Polscy piłkarze w meczu z Meksykiem zagrali bardzo defensywnie. Najwyraźniej głównym celem taktyki obranej przez Czesława Michniewicza było: nie przegrać pierwszego meczu w grupie na mistrzostwach świata w Katarze. Pomimo tego Biało-czerwoni mogli zgarnąć trzy punkty.
Lewandowski 🆚 Ochoa
— TVP SPORT (@sport_tvppl) November 22, 2022
Górą Meksykanin...
__________#MEXPOL 🇲🇽🇵🇱 • #Mundialove pic.twitter.com/L4GyozXgBM
W drugiej połowie wtorkowego spotkania Robert Lewandowski został przewrócony w polu karnym przez Hectora Moreno. Arbiter po analizie VAR wskazał na jedenasty metr, ale napastnik reprezentacji Polski i FC Barcelony nie wykorzystał rzutu karnego.

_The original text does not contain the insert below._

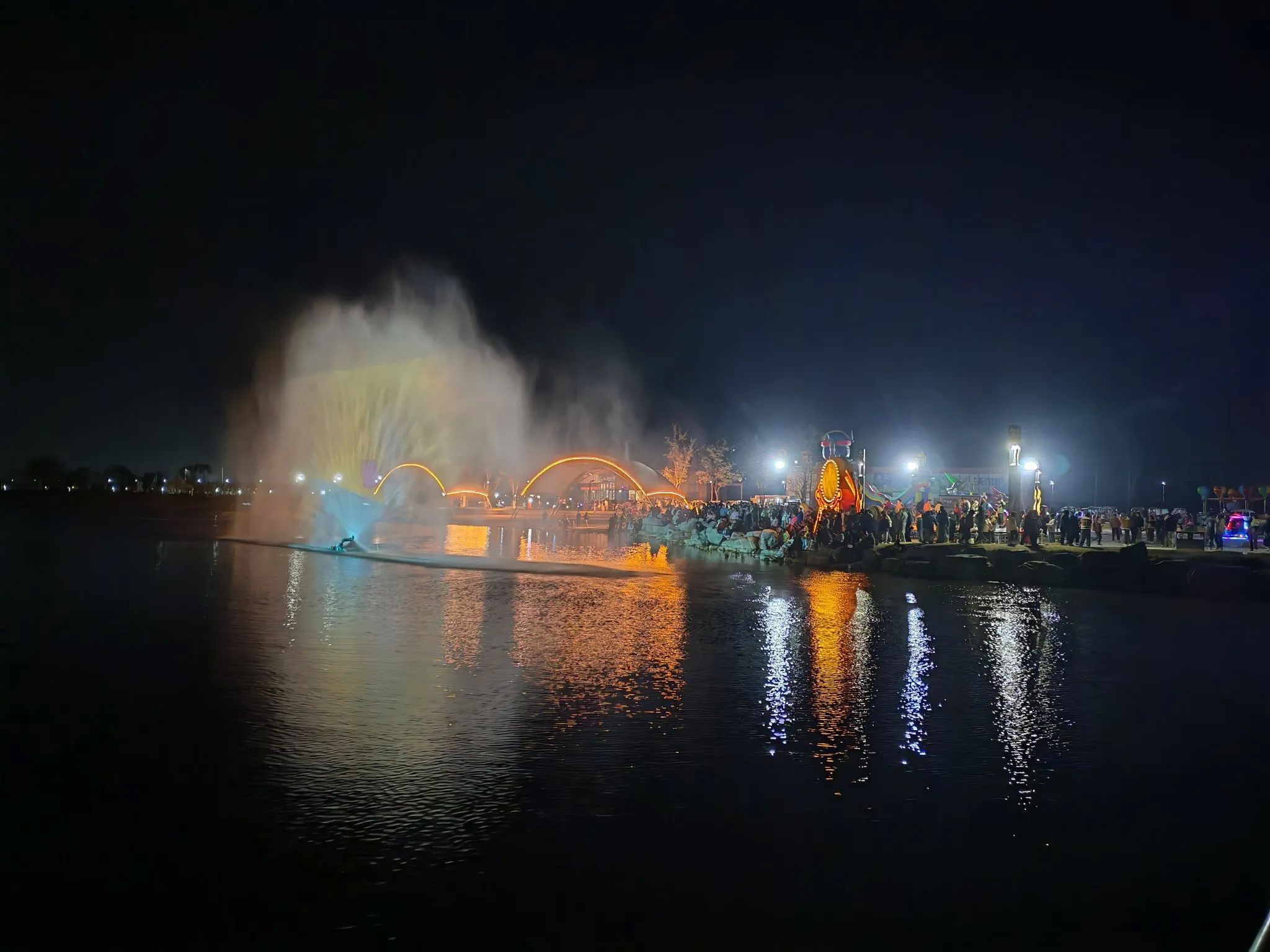 济南商河的3A景区清水湖公园新推出了水幕电影

Zagraliśmy mądrze i powinniśmy wygrać. Tym trudniej mi się z tym pogodzić. Przepraszam i dziękuje za wszystkie słowa wsparcia. Walczymy dalej o awans
- napisał później Lewandowski na Instagramie.

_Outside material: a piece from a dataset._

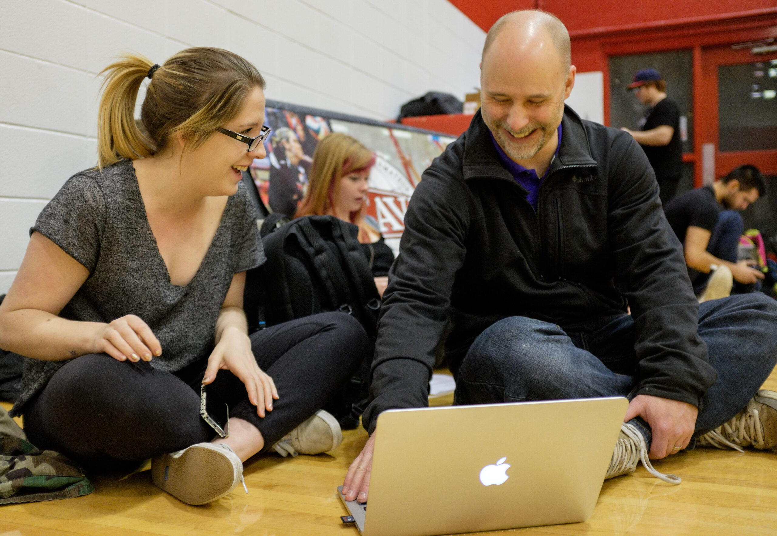 Kevin Udahl, right, queues up a cat video on the laptop of student Vanessa Paterson during a sports photography class at SAIT in Calgary on Thursday, Sept. 25, 2025. The photojournalism instructor recently returned to the classroom after serving a 13-month prison sentence for impersonating an effective teacher. (Photo by Rob Galbraith/The Press)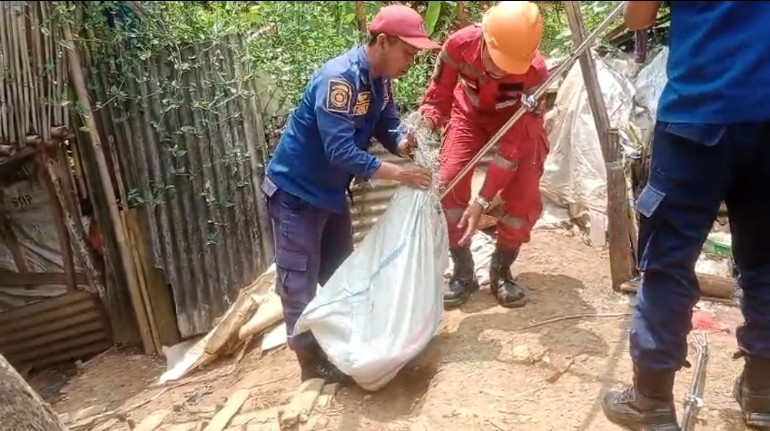 Tak butuh waktu lama, tim Damkar Posko III Cicurug langsung bergerak menuju lokasi. Dengan keterampilan dan peralatan yang dimiliki, petugas berhasil mengamankan ular jenis sanca (piton) dengan panjang sekitar 3 meter tanpa menimbulkan korban jiwa.

Tymczasem medalista mistrzostw świata w 1974 roku, Jan Tomaszewski wskazuje, że najlepszy strzelec w historii reprezentacji Polski przeżywa ostatnio ciężkie chwile. Bramkarz "Orłów Górskiego" w rozmowie z Super Expressem wyraził obawę o formę psychiczną Lewandowskiego na mundialu w Katarze.
Obawiam się o psychikę Roberta Lewandowskiego. Raz, że przejścia, karny niestrzelony, kartka, mecze zawieszenia w Barcelonie. Widać było, że Robert nie jest sobą i ten karny był tego potwierdzeniem Oglądałem to dwa razy. To nie był ten Robert przy rzucie karnym
- analizował Tomaszewski nawiązując między innymi do czerwonej kartki, jaką Polak obejrzał w ostatnim ligowym meczu Barcy.
Polaków na mundialu w Katarze czekają teraz trzy dni przerwy. W sobotę zmierzą się z sensacyjnym liderem grupy C - Arabią Saudyjską.